Aim of the exercise:
Using only the entries below, copy exactly the lines that begin at the one with "Cette trousse est" and end at the one with "戴上隔热手套把电饭煲内胆拿出,倒入蛋糕糊,在表面撒上剩余的红枣丁,轻震几下。", both included. Drop the pictures.

Exercise material:
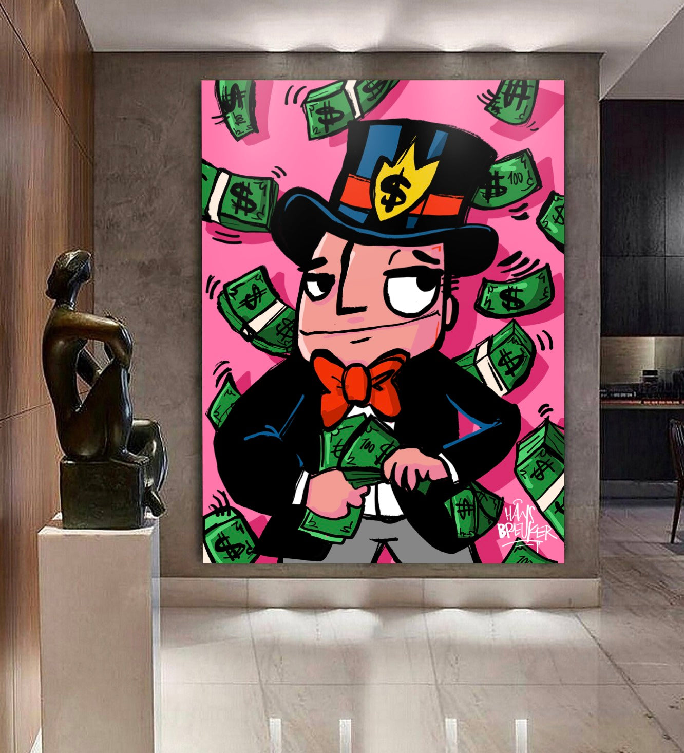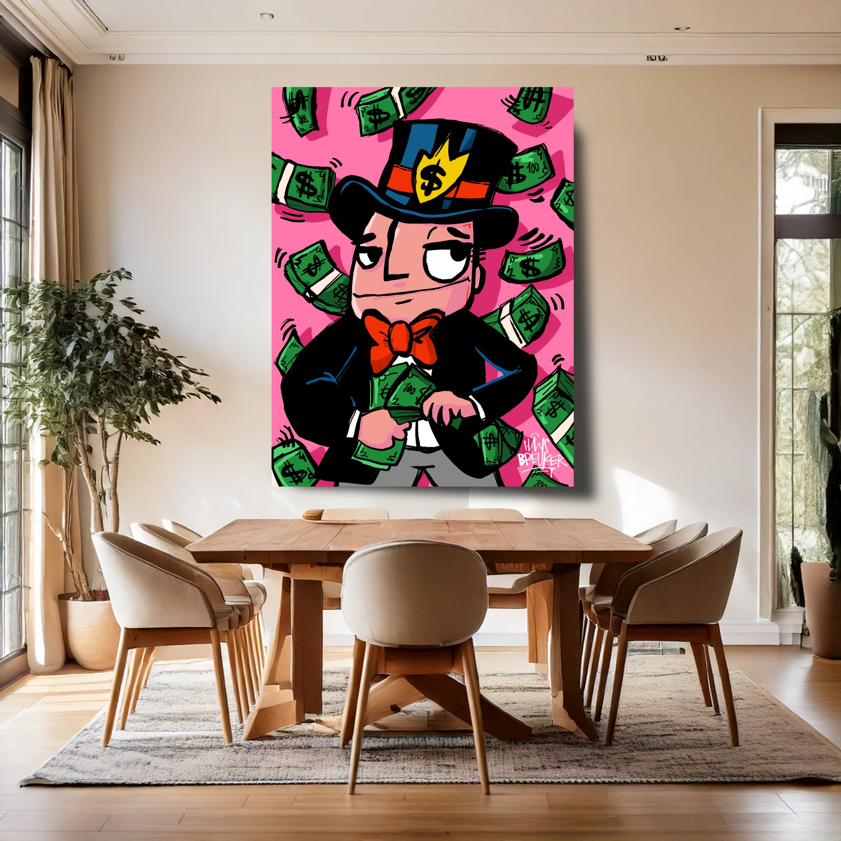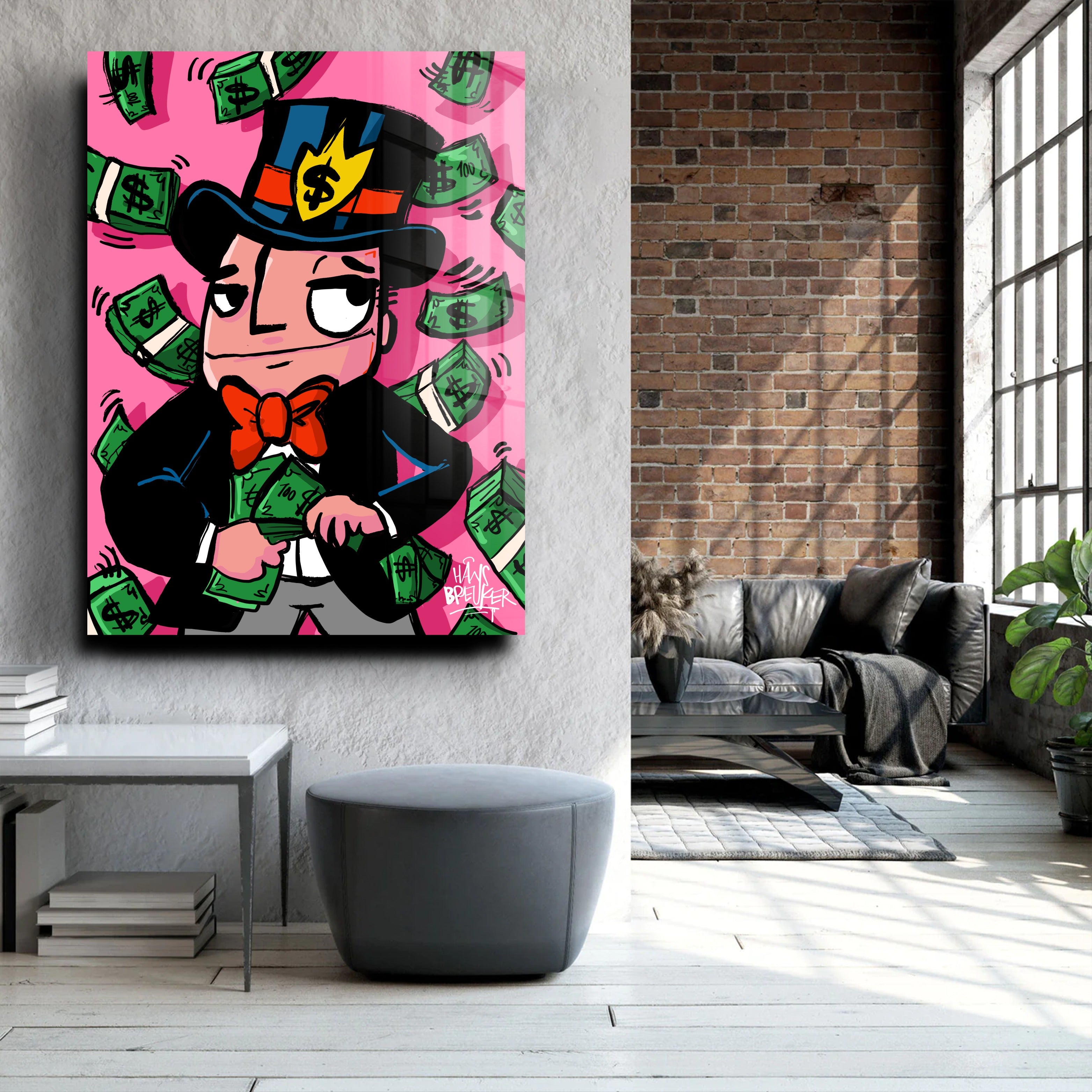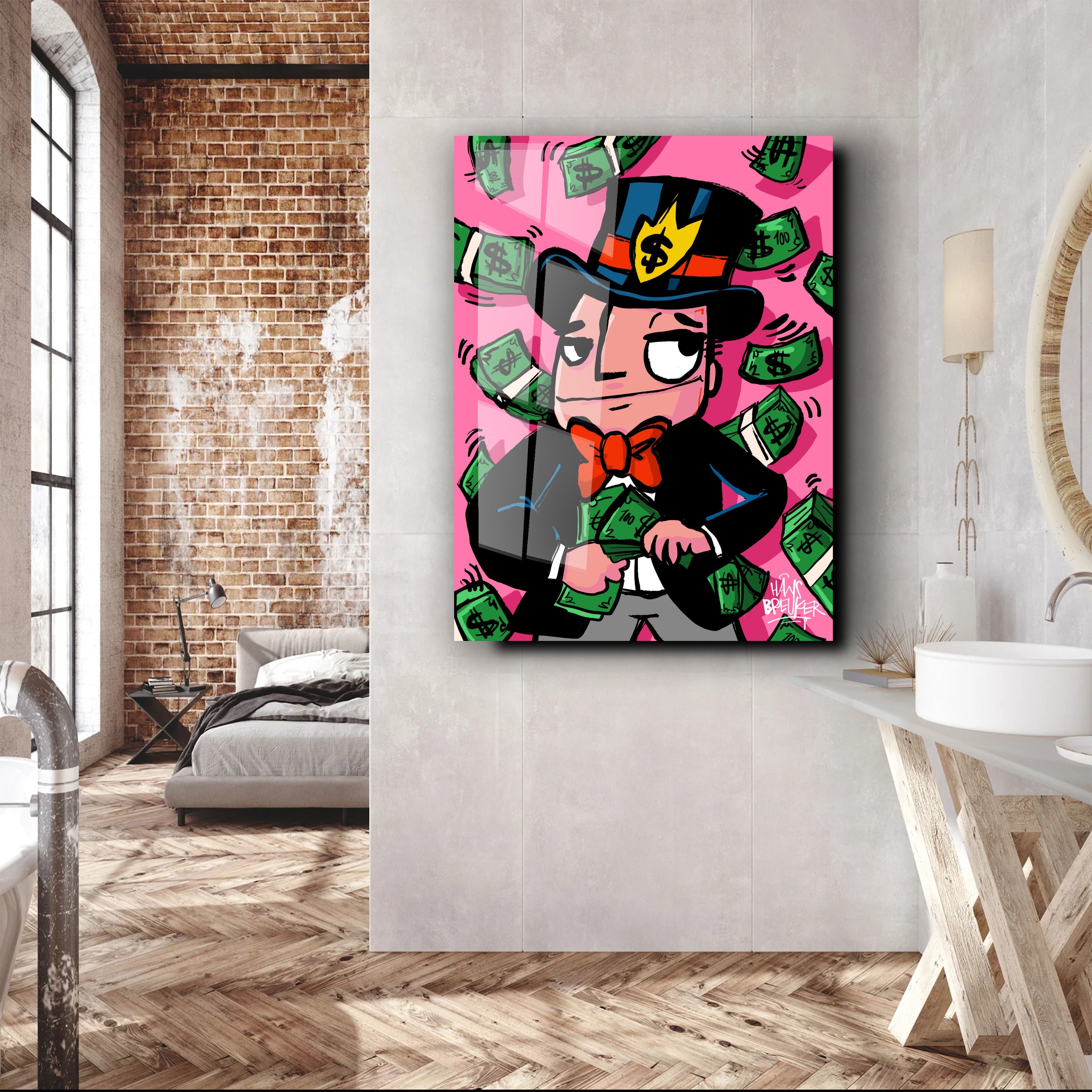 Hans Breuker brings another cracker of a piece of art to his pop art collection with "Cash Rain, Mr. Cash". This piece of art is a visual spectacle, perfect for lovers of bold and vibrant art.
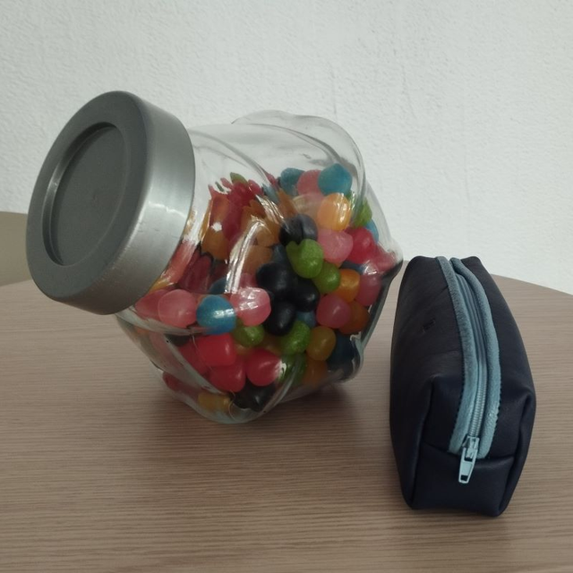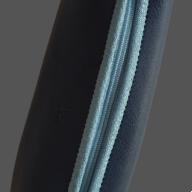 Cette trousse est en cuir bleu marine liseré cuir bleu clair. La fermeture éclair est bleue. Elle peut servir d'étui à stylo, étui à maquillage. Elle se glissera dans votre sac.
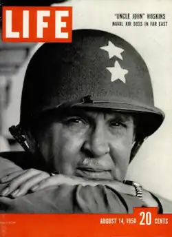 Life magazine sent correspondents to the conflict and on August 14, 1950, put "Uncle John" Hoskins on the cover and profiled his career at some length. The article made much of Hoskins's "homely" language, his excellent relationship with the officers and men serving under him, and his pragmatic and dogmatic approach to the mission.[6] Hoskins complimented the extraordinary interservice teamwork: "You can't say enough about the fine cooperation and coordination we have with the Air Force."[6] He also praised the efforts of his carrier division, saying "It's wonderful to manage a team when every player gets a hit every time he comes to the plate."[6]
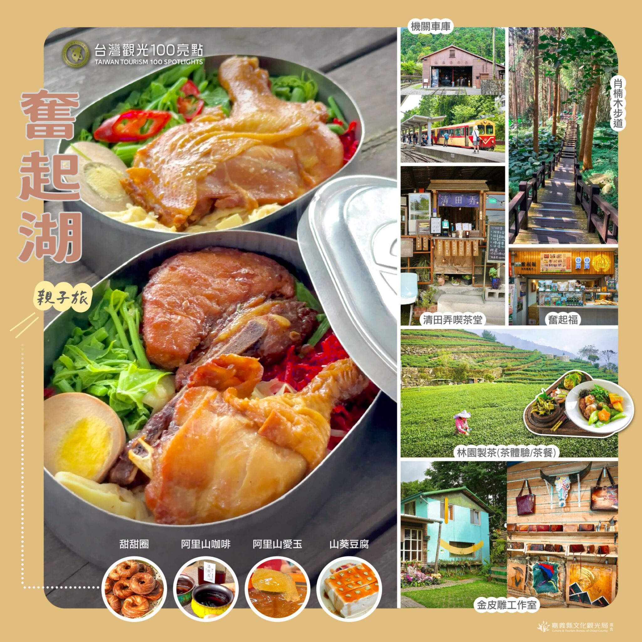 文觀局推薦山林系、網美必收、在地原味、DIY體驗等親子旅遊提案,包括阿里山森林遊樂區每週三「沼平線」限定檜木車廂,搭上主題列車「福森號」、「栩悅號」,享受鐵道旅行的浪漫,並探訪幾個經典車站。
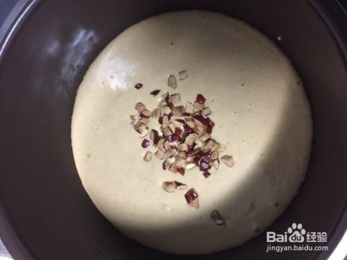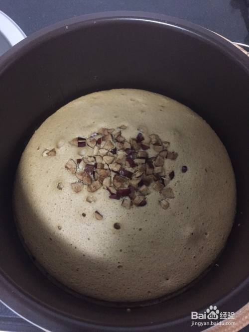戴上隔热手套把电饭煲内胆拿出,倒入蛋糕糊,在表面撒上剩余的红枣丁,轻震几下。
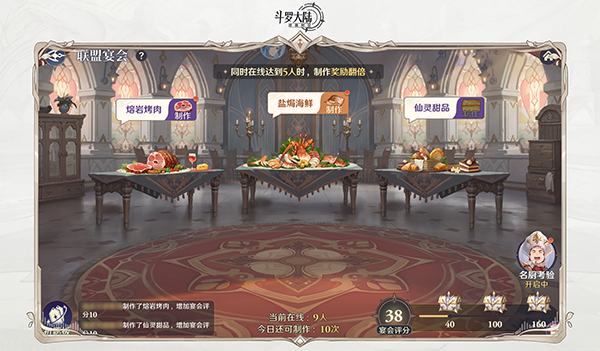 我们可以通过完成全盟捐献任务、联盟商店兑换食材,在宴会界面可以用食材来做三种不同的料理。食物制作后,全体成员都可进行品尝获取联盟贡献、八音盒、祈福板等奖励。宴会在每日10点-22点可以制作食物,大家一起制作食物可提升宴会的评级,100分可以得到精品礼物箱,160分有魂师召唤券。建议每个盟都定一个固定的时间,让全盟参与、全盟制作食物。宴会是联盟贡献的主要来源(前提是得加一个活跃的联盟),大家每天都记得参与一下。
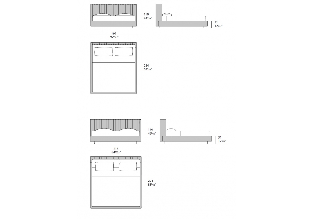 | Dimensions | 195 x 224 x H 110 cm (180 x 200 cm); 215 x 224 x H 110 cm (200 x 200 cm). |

Finished task:
 Cette trousse est en cuir bleu marine liseré cuir bleu clair. La fermeture éclair est bleue. Elle peut servir d'étui à stylo, étui à maquillage. Elle se glissera dans votre sac.
 Life magazine sent correspondents to the conflict and on August 14, 1950, put "Uncle John" Hoskins on the cover and profiled his career at some length. The article made much of Hoskins's "homely" language, his excellent relationship with the officers and men serving under him, and his pragmatic and dogmatic approach to the mission.[6] Hoskins complimented the extraordinary interservice teamwork: "You can't say enough about the fine cooperation and coordination we have with the Air Force."[6] He also praised the efforts of his carrier division, saying "It's wonderful to manage a team when every player gets a hit every time he comes to the plate."[6]
 文觀局推薦山林系、網美必收、在地原味、DIY體驗等親子旅遊提案,包括阿里山森林遊樂區每週三「沼平線」限定檜木車廂,搭上主題列車「福森號」、「栩悅號」,享受鐵道旅行的浪漫,並探訪幾個經典車站。
戴上隔热手套把电饭煲内胆拿出,倒入蛋糕糊,在表面撒上剩余的红枣丁,轻震几下。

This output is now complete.